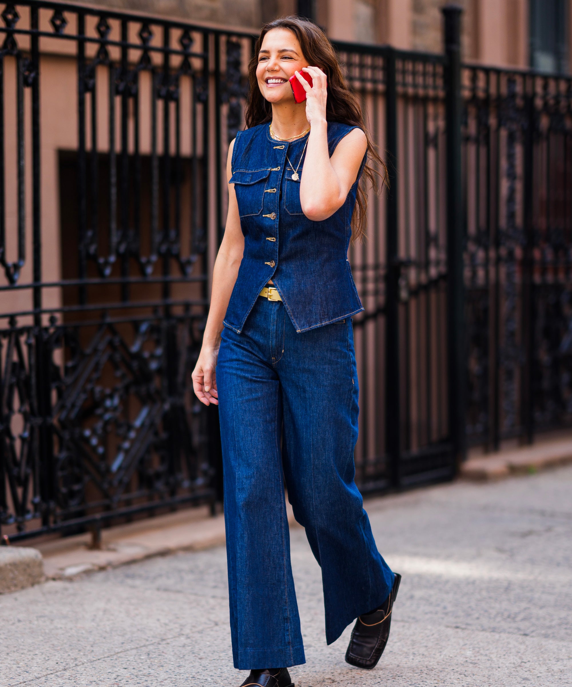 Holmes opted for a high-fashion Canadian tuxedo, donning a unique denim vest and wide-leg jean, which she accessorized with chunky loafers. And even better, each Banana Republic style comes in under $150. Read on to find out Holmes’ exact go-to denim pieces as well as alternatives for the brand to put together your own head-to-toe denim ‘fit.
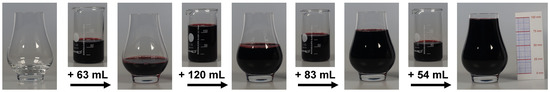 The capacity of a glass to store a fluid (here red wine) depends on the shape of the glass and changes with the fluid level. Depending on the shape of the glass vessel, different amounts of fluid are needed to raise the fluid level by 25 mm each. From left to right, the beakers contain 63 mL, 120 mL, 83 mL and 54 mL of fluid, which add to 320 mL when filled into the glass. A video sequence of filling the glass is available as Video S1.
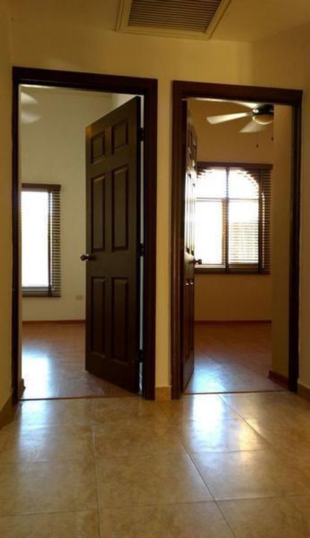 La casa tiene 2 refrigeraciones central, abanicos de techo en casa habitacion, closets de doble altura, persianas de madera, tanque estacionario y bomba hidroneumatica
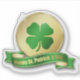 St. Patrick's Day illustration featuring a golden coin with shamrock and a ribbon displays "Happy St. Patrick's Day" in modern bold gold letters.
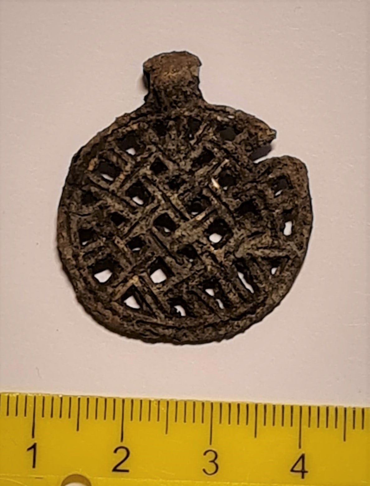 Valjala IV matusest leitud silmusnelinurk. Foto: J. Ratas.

Problem requirements: An exact reproduction of the data above is required, with every picture removed.

Exercise answer:
 Holmes opted for a high-fashion Canadian tuxedo, donning a unique denim vest and wide-leg jean, which she accessorized with chunky loafers. And even better, each Banana Republic style comes in under $150. Read on to find out Holmes’ exact go-to denim pieces as well as alternatives for the brand to put together your own head-to-toe denim ‘fit.
 The capacity of a glass to store a fluid (here red wine) depends on the shape of the glass and changes with the fluid level. Depending on the shape of the glass vessel, different amounts of fluid are needed to raise the fluid level by 25 mm each. From left to right, the beakers contain 63 mL, 120 mL, 83 mL and 54 mL of fluid, which add to 320 mL when filled into the glass. A video sequence of filling the glass is available as Video S1.
 La casa tiene 2 refrigeraciones central, abanicos de techo en casa habitacion, closets de doble altura, persianas de madera, tanque estacionario y bomba hidroneumatica
 St. Patrick's Day illustration featuring a golden coin with shamrock and a ribbon displays "Happy St. Patrick's Day" in modern bold gold letters.
 Valjala IV matusest leitud silmusnelinurk. Foto: J. Ratas.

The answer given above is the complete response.